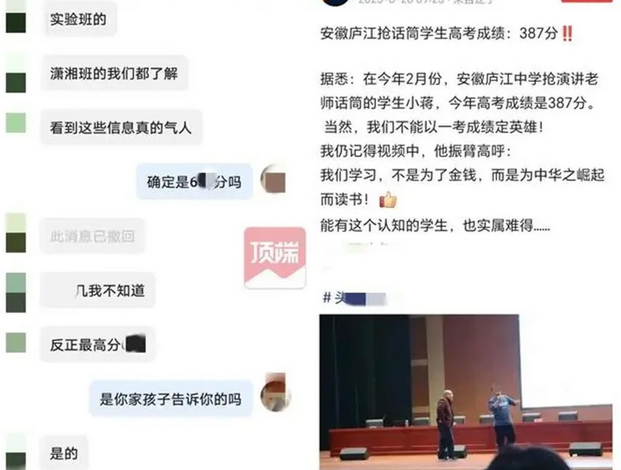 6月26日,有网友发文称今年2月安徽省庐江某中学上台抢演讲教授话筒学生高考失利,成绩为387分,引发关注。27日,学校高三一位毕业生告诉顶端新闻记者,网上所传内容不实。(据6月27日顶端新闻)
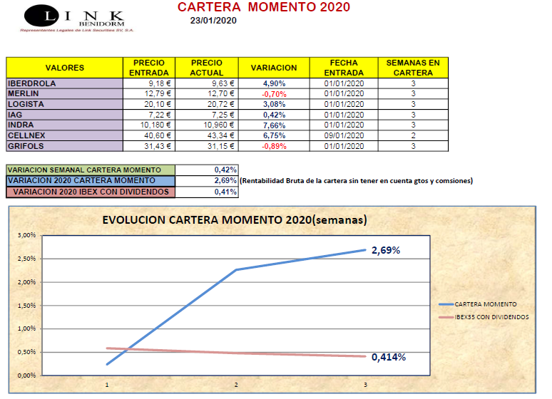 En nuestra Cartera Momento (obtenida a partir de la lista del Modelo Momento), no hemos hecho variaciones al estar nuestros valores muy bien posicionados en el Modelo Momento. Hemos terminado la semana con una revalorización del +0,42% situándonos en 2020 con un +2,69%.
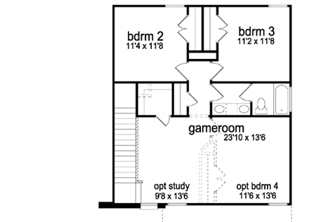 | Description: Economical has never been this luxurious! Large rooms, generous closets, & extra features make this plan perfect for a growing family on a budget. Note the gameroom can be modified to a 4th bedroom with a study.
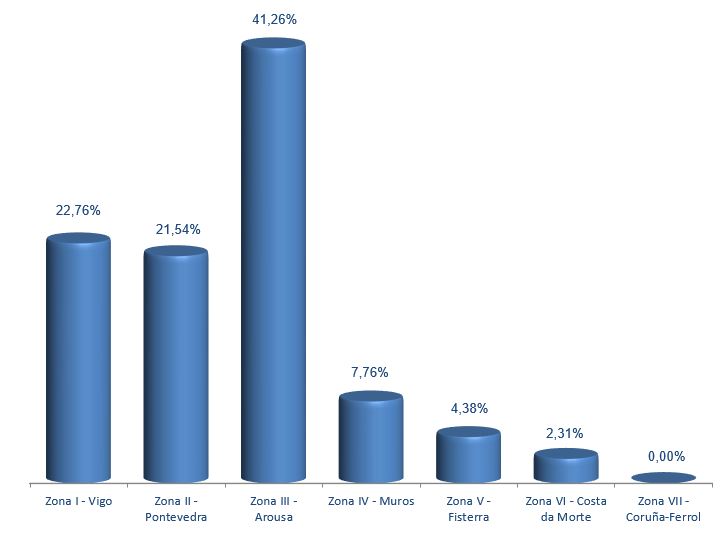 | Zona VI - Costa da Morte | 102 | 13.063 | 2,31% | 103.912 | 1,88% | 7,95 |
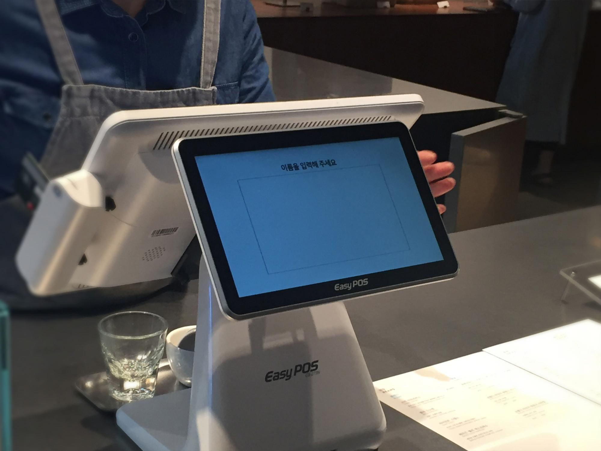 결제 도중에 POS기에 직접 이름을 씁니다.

* * *

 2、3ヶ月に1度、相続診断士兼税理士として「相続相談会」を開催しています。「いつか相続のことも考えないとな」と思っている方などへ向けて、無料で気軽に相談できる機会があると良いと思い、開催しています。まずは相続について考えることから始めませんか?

...

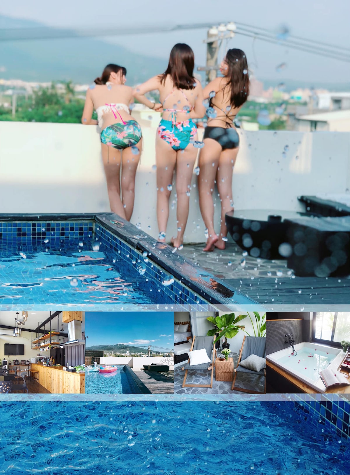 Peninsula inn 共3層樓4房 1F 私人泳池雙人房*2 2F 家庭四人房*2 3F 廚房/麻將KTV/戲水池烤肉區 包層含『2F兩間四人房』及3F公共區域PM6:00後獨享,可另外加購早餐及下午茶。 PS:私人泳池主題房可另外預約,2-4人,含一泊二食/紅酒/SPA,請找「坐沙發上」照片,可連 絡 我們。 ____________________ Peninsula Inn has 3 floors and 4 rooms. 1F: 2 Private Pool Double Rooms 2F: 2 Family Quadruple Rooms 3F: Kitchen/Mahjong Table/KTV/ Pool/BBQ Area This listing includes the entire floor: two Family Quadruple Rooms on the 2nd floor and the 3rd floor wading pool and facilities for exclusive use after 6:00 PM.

# TASK BRIEF:
From the listing above, restate verbatim the lines running from the one with "6月26日,有网友发文称今年" through the one with "En nuestra Cartera", inclusive, but not the pictures.

# WORKED SOLUTION:
 6月26日,有网友发文称今年2月安徽省庐江某中学上台抢演讲教授话筒学生高考失利,成绩为387分,引发关注。27日,学校高三一位毕业生告诉顶端新闻记者,网上所传内容不实。(据6月27日顶端新闻)
 En nuestra Cartera Momento (obtenida a partir de la lista del Modelo Momento), no hemos hecho variaciones al estar nuestros valores muy bien posicionados en el Modelo Momento. Hemos terminado la semana con una revalorización del +0,42% situándonos en 2020 con un +2,69%.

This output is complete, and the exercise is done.